- _What to do_: Could you transcribe exactly the lines from the one containing "作为教员时代政治高层为数不多" through the last line of the records below, leaving out the pictures?

- _Task input_:

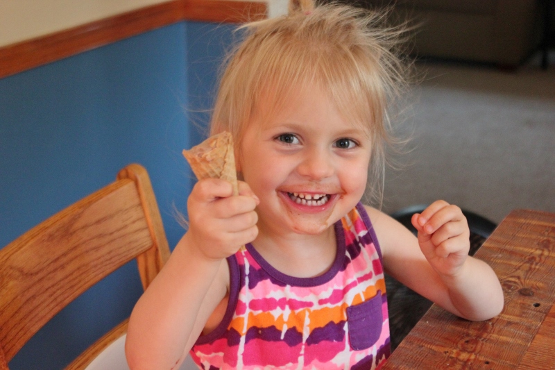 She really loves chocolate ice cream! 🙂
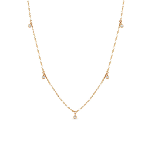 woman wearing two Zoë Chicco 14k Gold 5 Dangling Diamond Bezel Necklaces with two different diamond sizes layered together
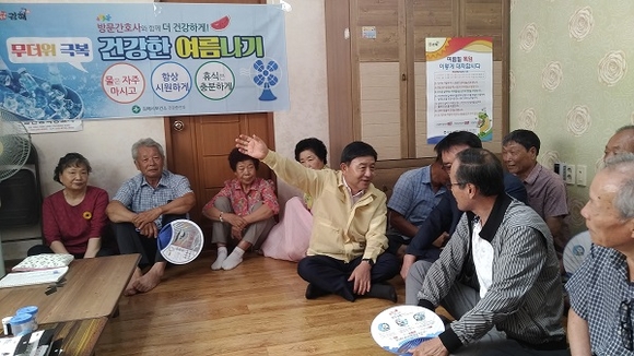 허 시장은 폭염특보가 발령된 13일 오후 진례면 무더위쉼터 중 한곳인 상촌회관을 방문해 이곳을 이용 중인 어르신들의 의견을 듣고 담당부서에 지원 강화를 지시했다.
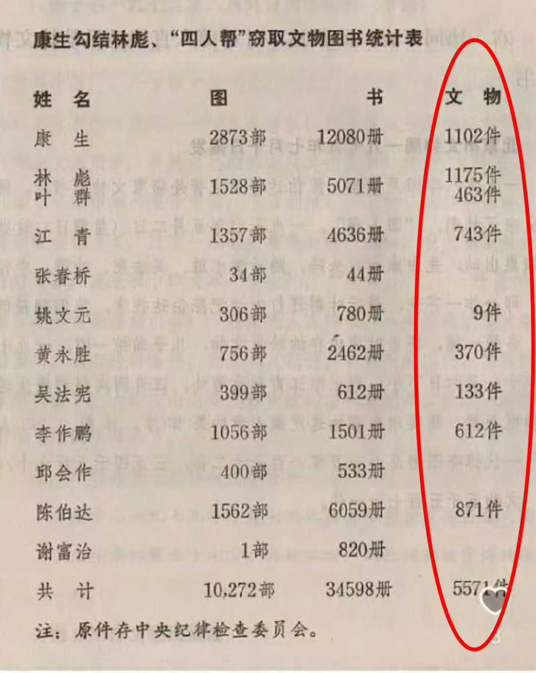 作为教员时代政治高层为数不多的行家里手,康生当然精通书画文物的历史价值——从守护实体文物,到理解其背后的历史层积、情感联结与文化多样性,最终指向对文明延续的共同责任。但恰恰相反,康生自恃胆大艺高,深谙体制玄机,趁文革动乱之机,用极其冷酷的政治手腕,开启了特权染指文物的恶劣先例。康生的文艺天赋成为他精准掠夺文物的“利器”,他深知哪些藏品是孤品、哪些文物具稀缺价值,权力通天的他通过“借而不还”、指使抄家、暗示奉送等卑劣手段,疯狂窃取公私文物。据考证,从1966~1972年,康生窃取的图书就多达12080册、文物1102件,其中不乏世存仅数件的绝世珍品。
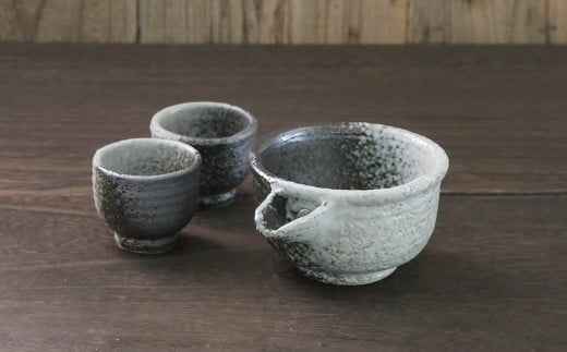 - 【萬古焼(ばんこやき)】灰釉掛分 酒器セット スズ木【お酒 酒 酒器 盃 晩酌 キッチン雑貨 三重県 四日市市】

- _Exercise output_:
 作为教员时代政治高层为数不多的行家里手,康生当然精通书画文物的历史价值——从守护实体文物,到理解其背后的历史层积、情感联结与文化多样性,最终指向对文明延续的共同责任。但恰恰相反,康生自恃胆大艺高,深谙体制玄机,趁文革动乱之机,用极其冷酷的政治手腕,开启了特权染指文物的恶劣先例。康生的文艺天赋成为他精准掠夺文物的“利器”,他深知哪些藏品是孤品、哪些文物具稀缺价值,权力通天的他通过“借而不还”、指使抄家、暗示奉送等卑劣手段,疯狂窃取公私文物。据考证,从1966~1972年,康生窃取的图书就多达12080册、文物1102件,其中不乏世存仅数件的绝世珍品。
 - 【萬古焼(ばんこやき)】灰釉掛分 酒器セット スズ木【お酒 酒 酒器 盃 晩酌 キッチン雑貨 三重県 四日市市】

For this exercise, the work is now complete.